Exercise prompt:
Using the data that follows, give again word for word the lines between the one holding "Yannick Castelli, maire" and the one holding "Pelantikan ditandai dengan", inclusive. Omit the pictures.
** Opening Material provided block **
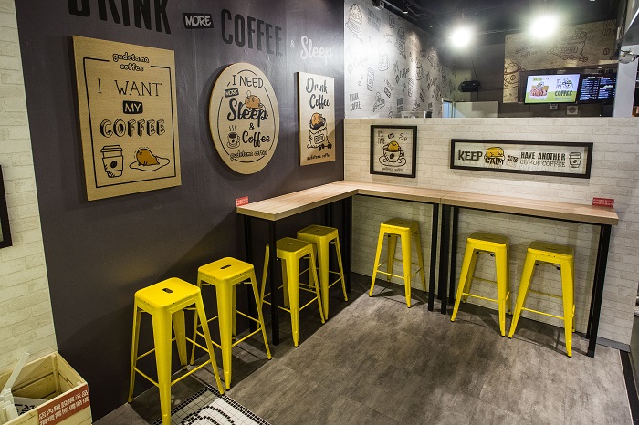 位於咖啡廳入口處就可以看到蛋黃哥慵懶的躺在打翻的咖啡中,店內以白磚牆與木質調色系打造出充滿濃濃的美式藝文風格,並以隨意的手繪筆觸寫著“不想上班的經典語錄”,在等待外帶咖啡的同時,還能拿起手機與不想上班的蛋黃哥來張自拍,期待蛋黃哥做出來的咖啡會不會只有半杯呢?
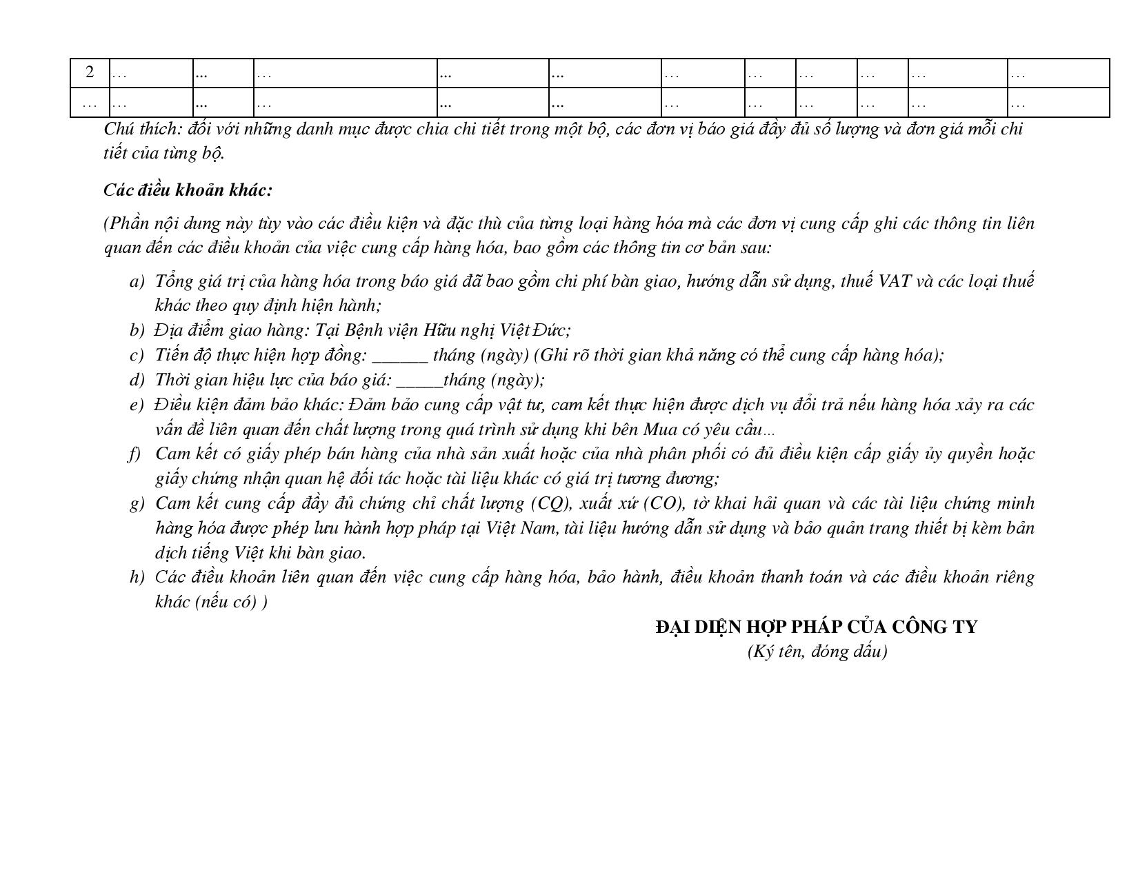 Bệnh viện HN Việt Đức mời chào giá trang thiết bị y tế
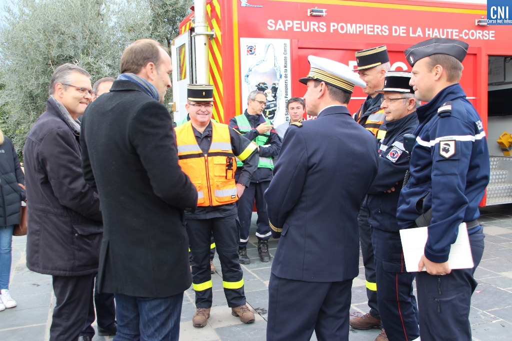 Yannick Castelli, maire de Penta-di-Casinca, Ronan Léaustic, sous-préfet de Corte, le colonel Jean-Jacques Peraldi, directeur du Sis 2b par intérim etc... ont suivi avec attention l'exercice
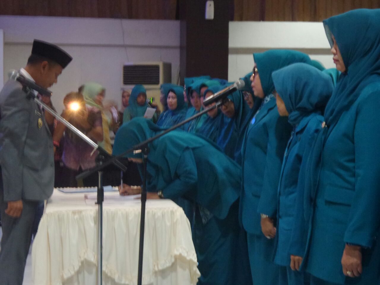 Pelantikan ditandai dengan pembacaan SK Bupati Takalar, pengambilan sumpah dan penandatanganan dan penyerahan SK bupati Takalar oleh Bupati Takalar kepada Ketua Tim Penggerak PKK Kab. Takalar.
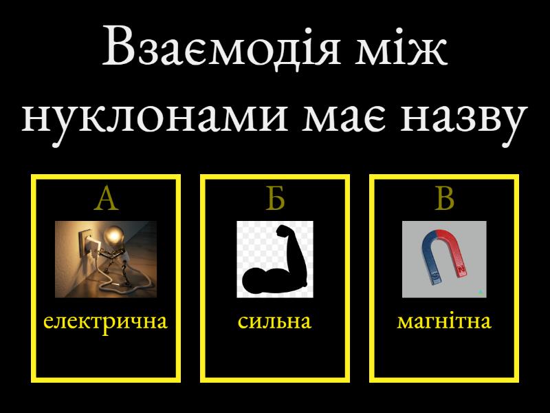 1) Явища радіоактивності відкрив a) Кюрі b) Беккерель c) Резерфор d) Максвелл 2) Взаємодія між нуклонами має назву a) електрична b) сильна c) магнітна 3) Ядра різної маси, у яких однакове зарядове число, мають назву a) ізомери b) полімери c) ізотопи 4) Яка з нижче наведених частинокнайменша? a) Атом b) Молекула c) Немає правильної відповіді 5) Хто першим побачив дивнийрух частин? a) Ейнштейн b) Роберт Браун c) Ян Інгенхауз d) Ньютон 6) чого складається атом? a) Електрони, ядро b) Нейтрони, електрони, протони, молекули. c) Нейтрони, електрони, протони, ядро 7) Зараз в Україні діють ...... АЕС a) 2 b) 7 c) 5 d) 9 e) 8 f) 4 8) Українська АЕС вважається найбільшою в Європі і 6 у світі. Яка це станція ? a) Рівненська b) Запорізька c) Хмельницька d) Південноукраїнська 9) У якому році сталася трагедія на Чорнобильській АЕС ? a) 1990 р. b) 2001 р. c) 1976 р. d) 1986 р. 10) Виберіть АЕС, які недобудовані a) Хмельницька b) Кримська c) Чигиринська d) Рівненська e) Запорізька f) Одеська
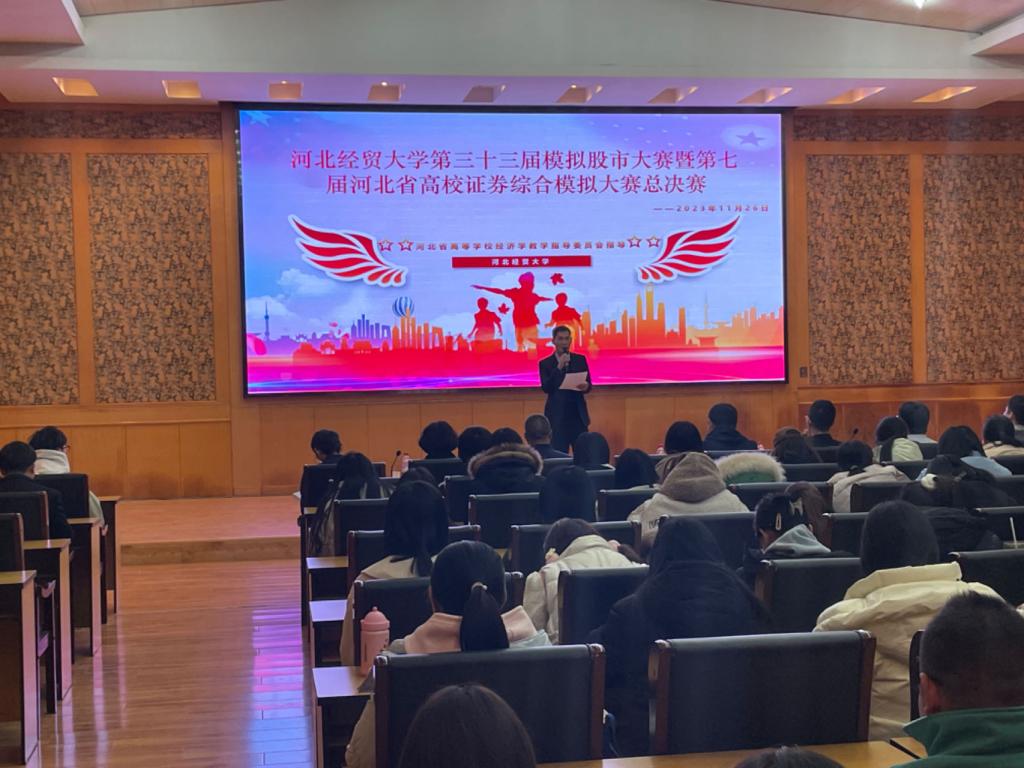 11月26日下午,太阳成tyc122cc集团第三十三届模拟股市大赛暨第七届河北省高校证券综合模拟交易大赛团体赛决赛及闭幕式顺利举行。太阳成tyc122cc集团教务处副处长马书刚,金融公司党委书记贾喜环、经理王重润参加活动。财达证券股份有限公司研究发展中心总经理韩彦斌,恒信资管石家庄分公司负责人张赫,河北地质大学经济公司教授李军峰,太阳成tyc122cc集团教授李吉栋、副教授孟维福担任评委。
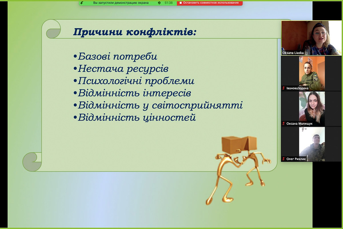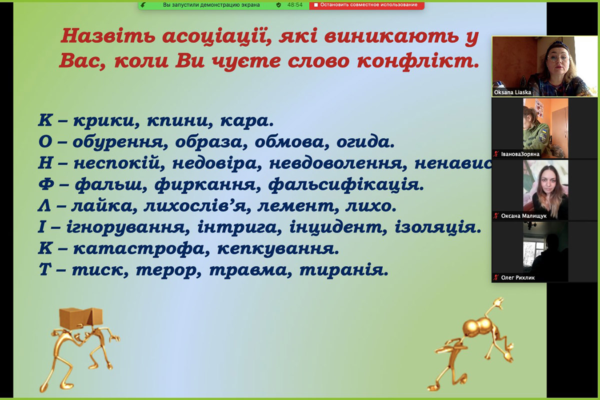 Впродовж діалогічної взаємодії, яка була присвячена темі «Суть конфлікту і причини його виникнення», створено позитивну атмосферу у групі, досягнуто емоційний комфорт учасників заняття, відбулося налаштування на плідну роботу, слухачі побачили себе зі сторони, зрозуміли свою поведінку в конфлікті, усвідомили, що конфлікт є нормою життя, яка має свої позитивні сторони.
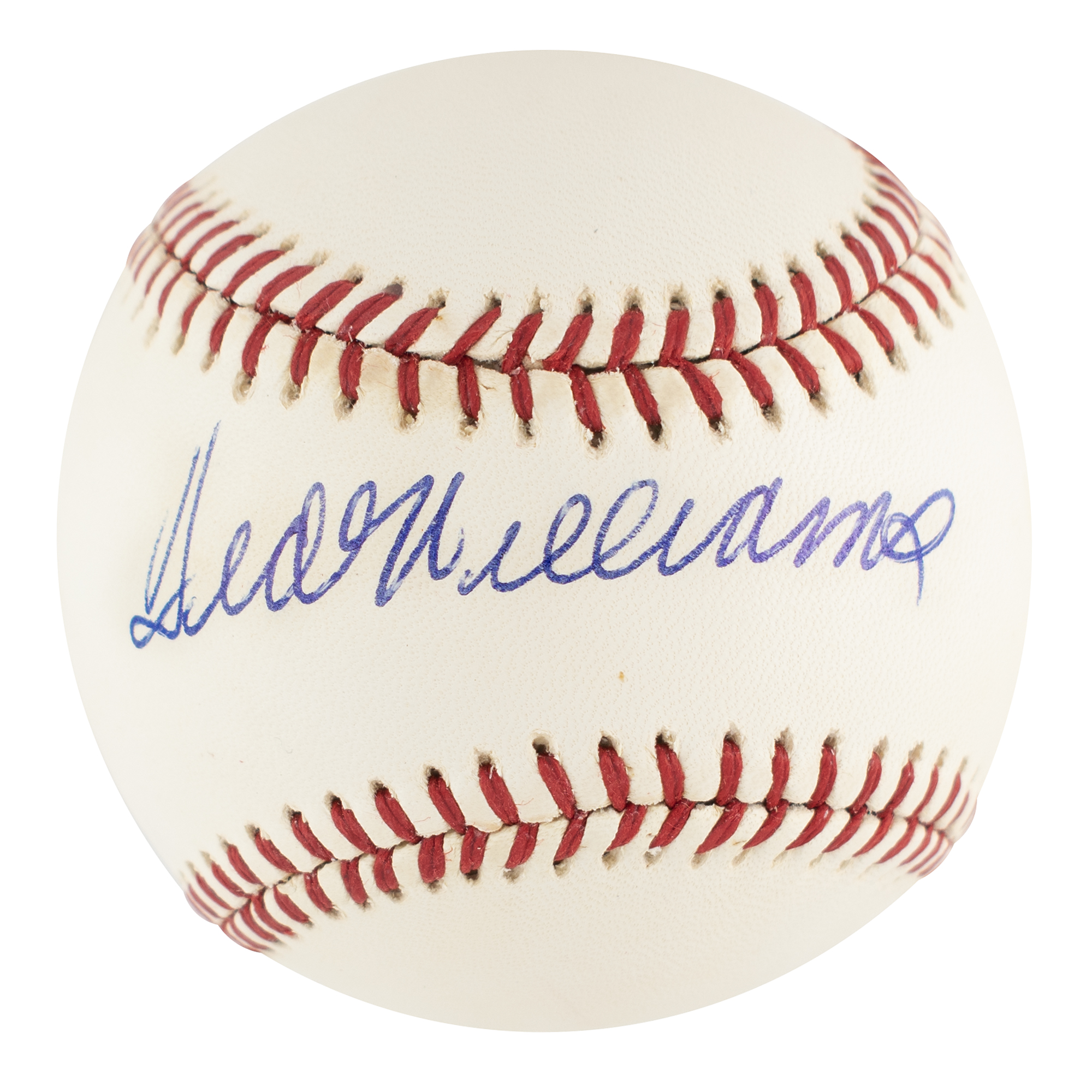 Official Rawlings American League (Brown) baseball signed in blue ballpoint on the sweet spot, "Ted Williams." In fine to very fine condition, with a trivial light stain to the right side panel.
** Closing Material provided block **
Task answer:
 Yannick Castelli, maire de Penta-di-Casinca, Ronan Léaustic, sous-préfet de Corte, le colonel Jean-Jacques Peraldi, directeur du Sis 2b par intérim etc... ont suivi avec attention l'exercice
 Pelantikan ditandai dengan pembacaan SK Bupati Takalar, pengambilan sumpah dan penandatanganan dan penyerahan SK bupati Takalar oleh Bupati Takalar kepada Ketua Tim Penggerak PKK Kab. Takalar.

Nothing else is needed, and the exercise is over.